Semantic Technology and the Travel Shopping Experience

Sep 13, 2011
RobertK

Republished here in its entirety is the latest article published in Tnooz by Thematix’s Larry Smith

Tnooz - Talking Travel TechIn a previous Tnooz article I suggested that internet technology had transformed the travel transaction into a self-service, always on, multiple choice, zero friction vending machine.

The universal presentation of a matrix listing the “travel troika” of time and place differentiated by price has convinced consumers that travel products are generic, to the detriment of brand values and unique product differentiation.

In turn, this creates a type of product articulation that promotes downward pricing pressure; it rewards low pricing, and does little to enrich unique value, luxury positioning and premium pricing.

Sure, travel product is about price, time and place, just like buying cooked meat at Peter Luger or cold dead fish at Nobu is about making a reservation to fill your belly. We know it is more than that. But we’re constrained by the process and the technology.Point A to Point B

The reliance on search and presenting product matrices causes us to miss the point. We’ve de-coupled the purchase from the experience; but worse, we’ve gone lazy in shopping the experience to the purchase. Shopping the experience means using customer benefits, words, and concepts to wrap the travel product in advance – to anticipate customer needs. It means creating an entry point or sidebar to create anticipation, set expectations, convey satisfaction cues and engage before the buying process.

We have new tools and techniques with semantics and the semantic web. This is where customer benefits and concepts can be delivered with marketing (selling), and technology (presentation) in a new and cost efficient way.

Semantics allow us to program for meaning and inference so the context of personal versus business, family versus individual, expense account vs. personal, etc. all have a cascading implication and input to our planning and buying process across the itinerary and providers.
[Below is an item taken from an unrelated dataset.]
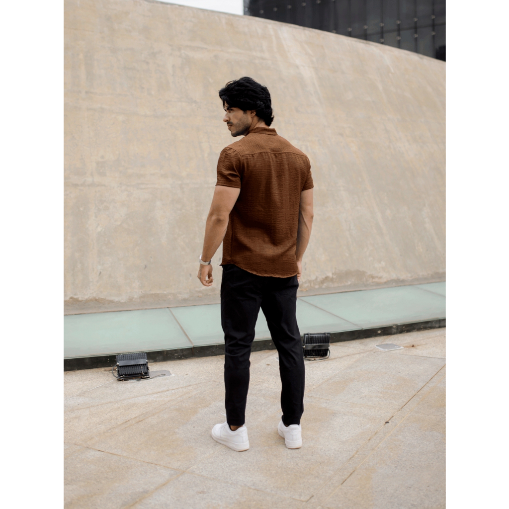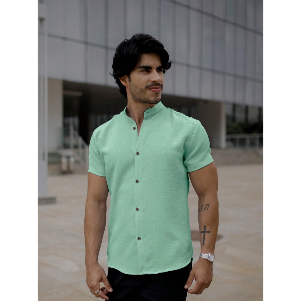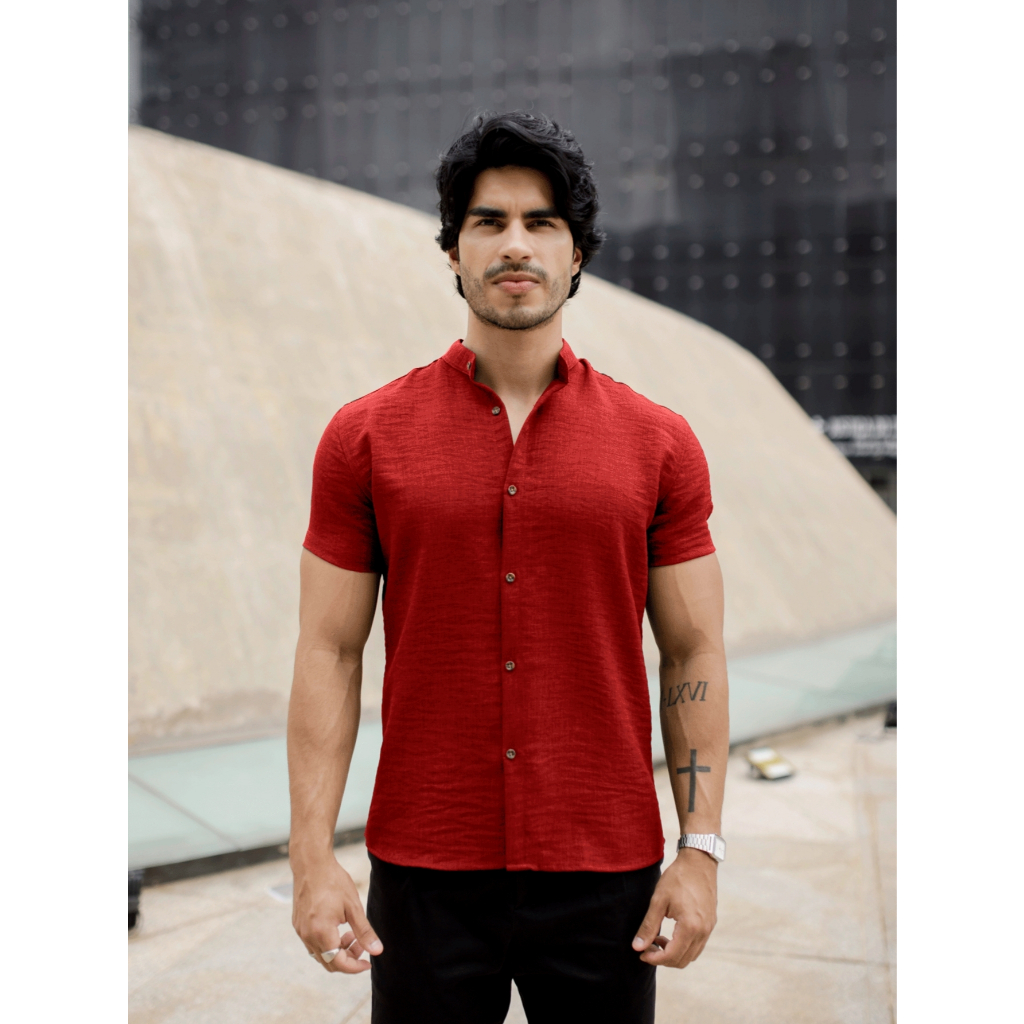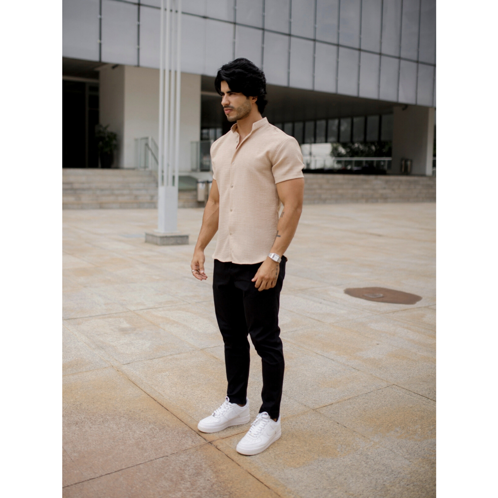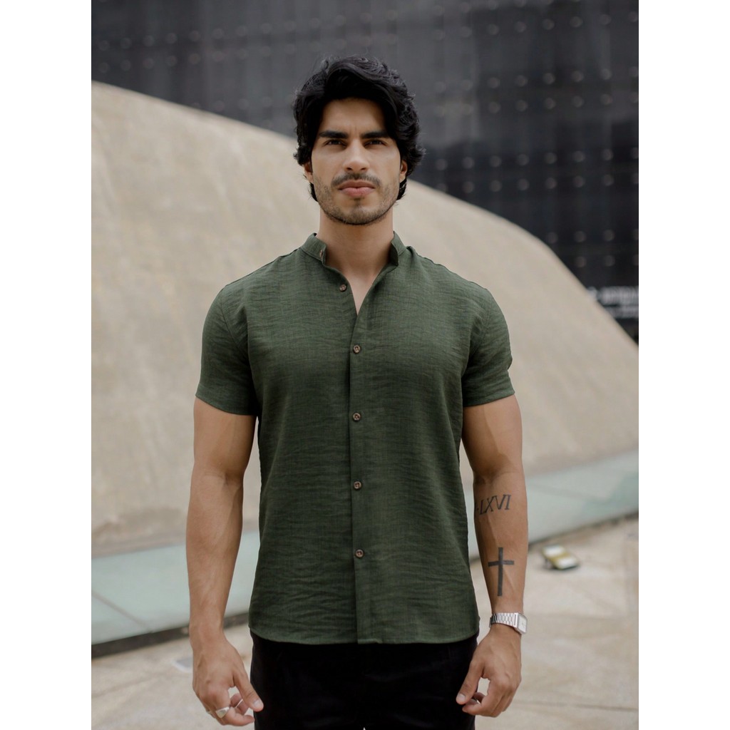 Camisa Masculina Manga Curta Gola Padre Slim Fit - Aspecto linho

For many families, vacations are all about a destination, activity, or a blending of things to do, or possibly balancing a veto where adult and child agendas conflict. A lot of shopping is involved, everyone has an opinion, and these decisions apply across the board to air, hotel, car, and services.

In contrast to business travel, the time, place and destination are usually set in advance though frequently subject to change at the last minute.
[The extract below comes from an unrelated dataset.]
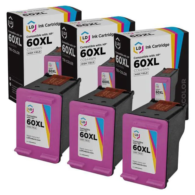 Save even more with our set of 3 HP 60XL CC644WN high yield color inkjet cartridges. These LD remanufactured ink cartridges have been thoroughly cleaned along with the printhead nozzles. Following the cleaning process, we refilled the cartridge with a professionally manufactured pigment-based ink formula for archival print life and color stability. This ink formula is specially designed to produce vibrant and long-lasting prints comparable to HP. After carefully inspecting the shell for leakage and monitoring the electrical circuitry for efficiency, we put the cartridge through a final print test to be certain it is worth of our 100% money-back guarantee. Our remanufactured ink cartridges are not remanufactured by HP. So Stock up now and save even more! For use in the following printers: PhotoSmart C4680, PhotoSmart C4685, Deskjet F4240, PhotoSmart C4799, Deskjet F4480, Deskjet F4210, Deskjet F4440, Deskjet F4288, Deskjet D2545, PhotoSmart C4780, Deskjet D1660, Deskjet F4283, Deskjet D2568, Deskjet D2530, Deskjet D2560, PhotoSmart C4640, Deskjet D1663, Deskjet D2660, Deskjet F4213, Deskjet F4250, Deskjet F4230, Deskjet F4272, Deskjet D2563, PhotoSmart C4690, Deskjet F4450, PhotoSmart C4795, PhotoSmart C4683, PhotoSmart C4650, Deskjet D2680, Deskjet F4275, Deskjet F4235, Deskjet D2566, Deskjet F4280, PhotoSmart C4635, PhotoSmart C4610, Deskjet D2645, PhotoSmart C4783, PhotoSmart C4750, PhotoSmart C4740, Deskjet F4435, Deskjet D2663, Deskjet F4293, Deskjet F4292, Deskjet F4274, Deskjet F4273, Deskjet F2400, Deskjet F2493, Deskjet F2492, Deskjet F2488, Deskjet F2483, Deskjet F2480, Deskjet F2430, Deskjet F2423, Deskjet F2420, Deskjet F4400, PhotoSmart C4700, PhotoSmart C4600. We are the exclusive reseller of LD Products brand of high quality printing supplies on Newegg.

Fast and easy buying defines this process, with the unfortunate consequence of underselling unique benefits and value. Is anyone selling the beauty of having a few extra hours in town: what to do, where to go, and how to leverage your travel partners?
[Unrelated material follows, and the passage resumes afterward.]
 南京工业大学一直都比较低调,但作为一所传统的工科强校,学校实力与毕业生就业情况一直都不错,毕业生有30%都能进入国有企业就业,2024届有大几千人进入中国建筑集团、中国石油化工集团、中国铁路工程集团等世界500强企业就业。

As Google head of travel Rob Torres said in a recent Tnooz article:

When you look across the phases of the travel cycle – Dreaming, Researching, Booking, Experiencing and Sharing – the potential for innovation, particularly in the early stages of dreaming and researching is astounding.”

Semantics and the semantic web can be immediately applied to three objectives:

  • exposing marketing benefits
  • increasing technology flexibility
  • cementing business values.

First, the marketing benefits are in the ability to elevate the brand and product in search (SEO/SEM), plus the ability to deliver products that match consumer search concepts and words.

These “synthetic concepts” permit the creation of smart brands and enable us to re-brand standard products with new sales wrappers. For example, consumer site TMZ.com reports that Justin Bieber has checked into a hotel in Los Angeles. The hotel creates a “pop star room package” with semantic mark-up to Bieber’s name and the news report. Fans will now see the hotel product when searching for Bieber.

Semantic technology flexibility is different than that achieved by other structured data and databases. Developing on top of ontology and declaring triples (subject-predicate-object), our Bieber room is simply a renamed honeymoon suite with a free on-demand movie and streaming music – same product, new sales approach, fast SEO indexing and higher margins due a uniquely differentiated product.

Because company websites, online travel agents, and other distribution partners have structured technology interaction (via GDS or direct connect using Open Travel Alliance schema), the addition of travel ontology as a technology foundation and common language enables creation of “synthetic categories” of benefits and products/services fast and more cost efficiently.

The ultimate business value is lower cost technology development, enhanced product definition and promotion, and the ability to differentiate and sell almost any iteration of your business assets quickly and smartly.

Businesses that use semantics will also be able to court more partners in better ways. This is possible by creating unique co-branded benefit concepts with essentially the same underlying product. The “pop star room package” could easily become the Jazz, Pop, Hip Hop, Rap or whatever and whomever is the high awareness, high search concept of the moment.

While the benefits of semantics are many, we believe their use could herald a new ability to brand and merchandise travel products in a way that creates an enhanced process path.

By capturing attention early, often and from different angles we can shepherd our consumer from a “dreaming or research” entry point, through the shopping journey, into the purchase transaction, to enhance the actual experience, and foster post purchase social commentary.

Once on this path, and proceeding down the purchase funnel, time and place connect to a unique benefit and become the operative buying requirements, not price. Let’s use semantics to open new Brand, and brand new, shopping doors.